USA’s department of civil engineering will provide their unique coastal engineering knowledge related to hurricane storm surge and waves. Drs. Bret Webb and Scott Douglass will help develop risk-based tools that address vulnerability and resilience of the built environment to coastal hazards such as storm surge, waves, erosion and even sea level rise. Webb and Douglass recently authored national engineering guidance for assessing the exposure and vulnerability of coastal transportation infrastructure to extreme events.
“With well over 50 percent of the U.S. population living within 50 miles of a coastline, much of our nation’s critical infrastructure is vulnerable to coastal hazards and the expected impacts of long-term sea level rise,” said Webb, who is an associate professor of civil engineering.
“What’s more troubling is that demand in these coastal areas is increasing, putting more stress on our built environment and underscoring the need for improving the resiliency of our coastal communities,” said Webb.
The goal of the center is to develop a risk-based approach to evaluate potential strategies that improve the resilience of the built environment to natural hazards and other significant manmade disruptions. The resilience tools that the center develops will address known and frequent hazards, and gauge the ability of communities and the built environment to adapt to changing conditions and recover quickly from large-scale disasters.

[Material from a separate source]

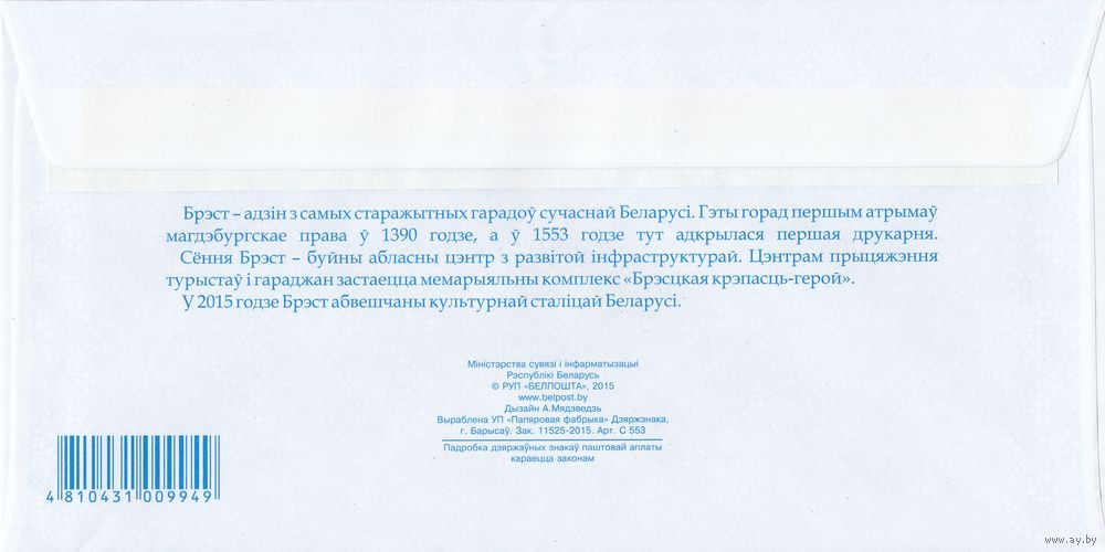 Беларусь 2015 ХМК с ОМ Брест - культурная столица Беларуси 2015 г. (к4)

“Based on both experience and study, we understand that the built environment along our nation's shorelines is highly vulnerable today, and will face increased pressures due to the expected impacts of sea level rise and climate change in the future,” said Douglass, who is an adjunct research professor of civil engineering at USA. "However, the good news is that making our coastal infrastructure more resilient to extreme storm events today will also reduce their vulnerability in the future."
The five-year, $20 million federal project was announced by the National Institute of Standards and Technology in the U. S. Department of Commerce.
In addition to USA and Colorado State, the center’s multi-disciplinary research team includes experts in engineering, economics, data and computing, and social sciences from the University of Washington, the University of Illinois, the University of Oklahoma, Texas A&M University, Oregon State University, Rice University, the California Polytechnic University in Pomona and Texas A&M-Kingsville, along with experts from the NIST.